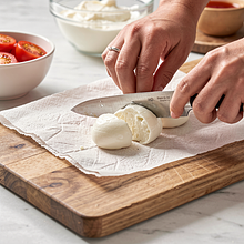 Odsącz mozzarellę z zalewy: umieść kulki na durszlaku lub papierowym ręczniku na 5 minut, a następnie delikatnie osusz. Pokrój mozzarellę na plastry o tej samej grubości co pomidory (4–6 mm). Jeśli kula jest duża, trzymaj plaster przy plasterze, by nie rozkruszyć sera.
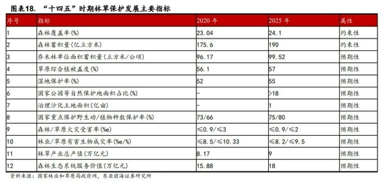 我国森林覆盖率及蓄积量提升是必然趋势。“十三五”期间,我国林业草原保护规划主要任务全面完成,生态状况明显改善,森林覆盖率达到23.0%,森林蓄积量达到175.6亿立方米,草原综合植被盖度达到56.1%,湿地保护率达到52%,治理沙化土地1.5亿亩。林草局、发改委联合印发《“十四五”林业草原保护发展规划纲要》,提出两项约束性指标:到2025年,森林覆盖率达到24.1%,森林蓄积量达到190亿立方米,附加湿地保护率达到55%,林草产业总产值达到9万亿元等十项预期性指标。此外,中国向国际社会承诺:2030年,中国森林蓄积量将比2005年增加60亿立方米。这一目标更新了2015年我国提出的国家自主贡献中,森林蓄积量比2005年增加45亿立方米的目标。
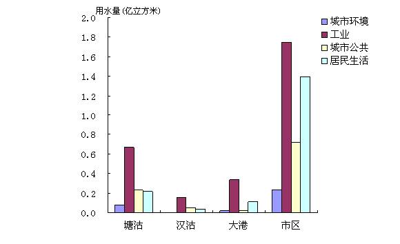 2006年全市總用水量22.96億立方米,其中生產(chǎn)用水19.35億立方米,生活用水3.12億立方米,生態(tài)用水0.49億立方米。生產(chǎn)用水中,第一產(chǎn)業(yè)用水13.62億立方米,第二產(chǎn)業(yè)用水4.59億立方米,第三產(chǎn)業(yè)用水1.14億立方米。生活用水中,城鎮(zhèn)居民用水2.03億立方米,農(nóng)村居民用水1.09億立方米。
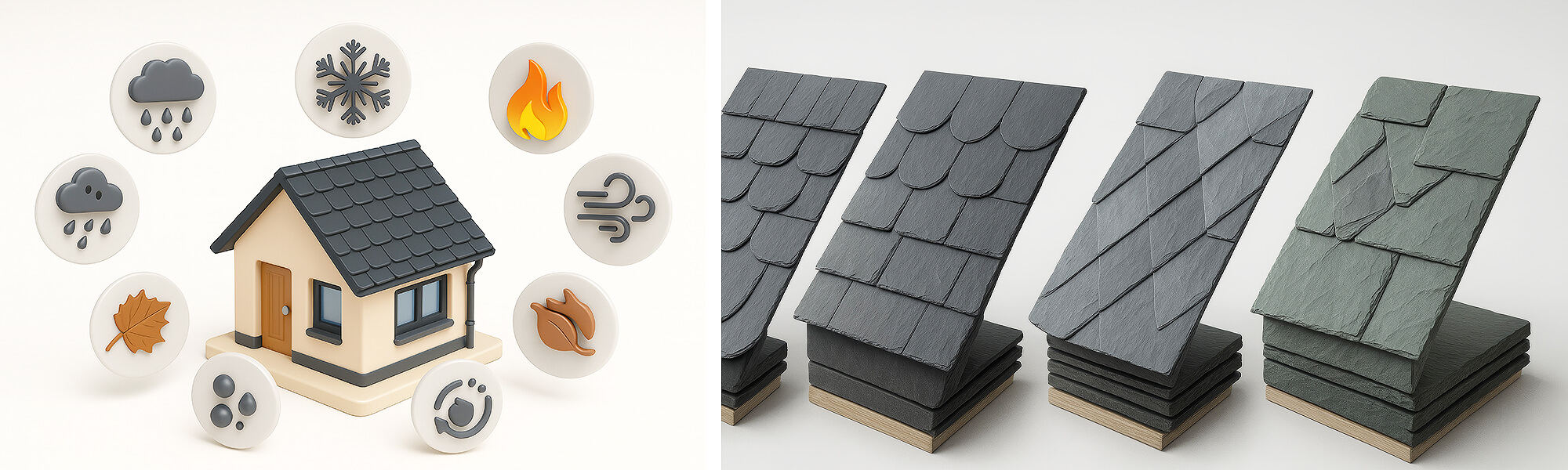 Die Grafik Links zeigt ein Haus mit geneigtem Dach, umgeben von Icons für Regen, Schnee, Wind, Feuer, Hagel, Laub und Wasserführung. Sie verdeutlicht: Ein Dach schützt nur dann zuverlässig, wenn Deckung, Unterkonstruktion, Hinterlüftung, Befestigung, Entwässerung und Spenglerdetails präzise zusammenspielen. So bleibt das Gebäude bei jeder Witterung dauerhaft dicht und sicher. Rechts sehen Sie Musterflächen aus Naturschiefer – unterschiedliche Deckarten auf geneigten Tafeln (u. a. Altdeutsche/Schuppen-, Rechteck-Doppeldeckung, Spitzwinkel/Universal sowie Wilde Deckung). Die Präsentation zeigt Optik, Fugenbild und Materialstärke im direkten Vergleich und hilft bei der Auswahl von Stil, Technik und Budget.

### Directions
Please provide a faithful transcription of all the data, pictures excluded.

### Finished task
 Odsącz mozzarellę z zalewy: umieść kulki na durszlaku lub papierowym ręczniku na 5 minut, a następnie delikatnie osusz. Pokrój mozzarellę na plastry o tej samej grubości co pomidory (4–6 mm). Jeśli kula jest duża, trzymaj plaster przy plasterze, by nie rozkruszyć sera.
 我国森林覆盖率及蓄积量提升是必然趋势。“十三五”期间,我国林业草原保护规划主要任务全面完成,生态状况明显改善,森林覆盖率达到23.0%,森林蓄积量达到175.6亿立方米,草原综合植被盖度达到56.1%,湿地保护率达到52%,治理沙化土地1.5亿亩。林草局、发改委联合印发《“十四五”林业草原保护发展规划纲要》,提出两项约束性指标:到2025年,森林覆盖率达到24.1%,森林蓄积量达到190亿立方米,附加湿地保护率达到55%,林草产业总产值达到9万亿元等十项预期性指标。此外,中国向国际社会承诺:2030年,中国森林蓄积量将比2005年增加60亿立方米。这一目标更新了2015年我国提出的国家自主贡献中,森林蓄积量比2005年增加45亿立方米的目标。
 2006年全市總用水量22.96億立方米,其中生產(chǎn)用水19.35億立方米,生活用水3.12億立方米,生態(tài)用水0.49億立方米。生產(chǎn)用水中,第一產(chǎn)業(yè)用水13.62億立方米,第二產(chǎn)業(yè)用水4.59億立方米,第三產(chǎn)業(yè)用水1.14億立方米。生活用水中,城鎮(zhèn)居民用水2.03億立方米,農(nóng)村居民用水1.09億立方米。
 Die Grafik Links zeigt ein Haus mit geneigtem Dach, umgeben von Icons für Regen, Schnee, Wind, Feuer, Hagel, Laub und Wasserführung. Sie verdeutlicht: Ein Dach schützt nur dann zuverlässig, wenn Deckung, Unterkonstruktion, Hinterlüftung, Befestigung, Entwässerung und Spenglerdetails präzise zusammenspielen. So bleibt das Gebäude bei jeder Witterung dauerhaft dicht und sicher. Rechts sehen Sie Musterflächen aus Naturschiefer – unterschiedliche Deckarten auf geneigten Tafeln (u. a. Altdeutsche/Schuppen-, Rechteck-Doppeldeckung, Spitzwinkel/Universal sowie Wilde Deckung). Die Präsentation zeigt Optik, Fugenbild und Materialstärke im direkten Vergleich und hilft bei der Auswahl von Stil, Technik und Budget.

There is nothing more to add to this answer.